During the Google Cloud Next conference in March in San Francisco; United States, Google introduced Cloud Dataprep; a serverless data preparation service that allows even machine learning training models to be used.
In the next six months; the company has made the beta available only to a select number of interested parties; but it has now been announced that the tool is available in public beta for anyone who wants to use it.

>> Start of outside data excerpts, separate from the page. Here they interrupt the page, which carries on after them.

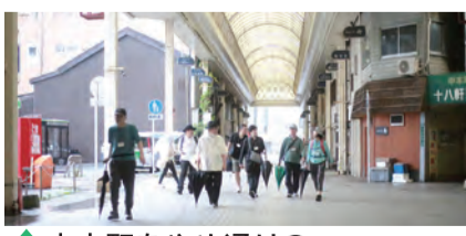
中本町あやめ通りのアーケードを通過して浄蓮寺へ

東筑組ホームページ「〇〇寺ってどんなお寺?」に各寺の歴史などが紹介されています。ぜひ一度ご覧ください。
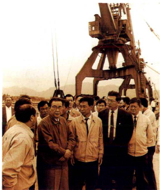
李鹏视察龙湾万吨级码头
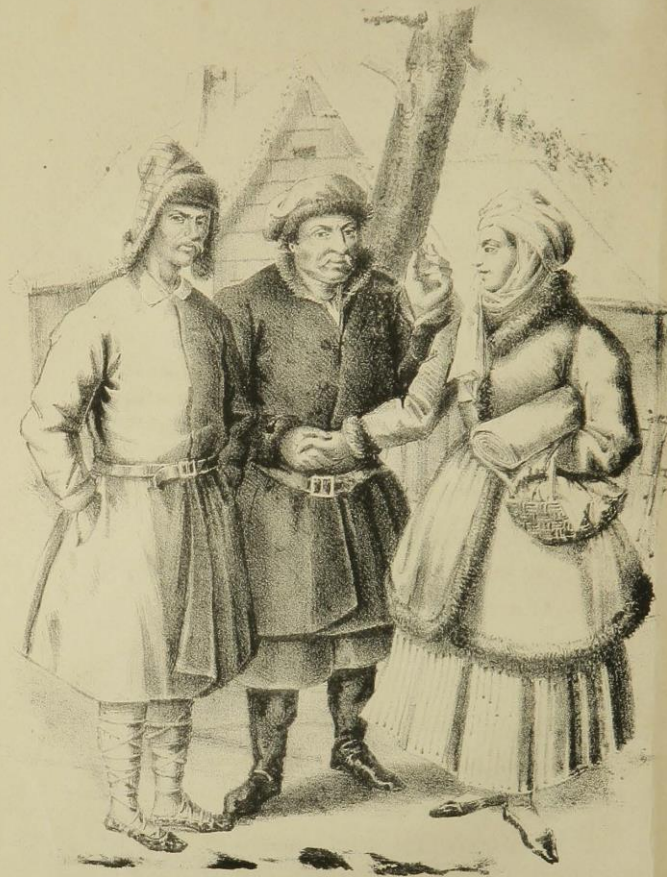
WIENIACY Z OKOLIC BORYSOWA.

Some reports and surveys indicate that analysts and data scientists can spend up to 80 percent of their time preparing raw data for analysis. Google Cloud Dataprep comes to automate this work by detecting data types; schemas, joins, and anomalies that contribute significantly to the work of professionals and companies who handle a large amount of data. The tool natively integrates with other services such as Cloud Storage, BigQuery, and Google Cloud Platform (GCP).
Machine learning allows this process to be improved as the service is more widely used; suggesting different ways of cleaning the data, which makes the process faster and also less susceptible to errors.
Another highlight of Google Cloud Dataprep is its layout; which makes it easier for those who are not data engineers to change or add a set of data and information.
“The Cloud Dataprep also has built-in intelligence to automatically understand and operationalize its specific usage patterns; making data preparation even faster and less prone to user error,” said Eric Anderson, a product manager at Google. “The overall result is more productive, efficient and powerful,” he added. Cloud Dataprep is an embedded version of Trifacta’s Wrangler business application, which has the same data preparation task.
Last year, one of Google’s top competitors in the area; Amazon, had already released its own serverless data preparation tool called AWS Glue.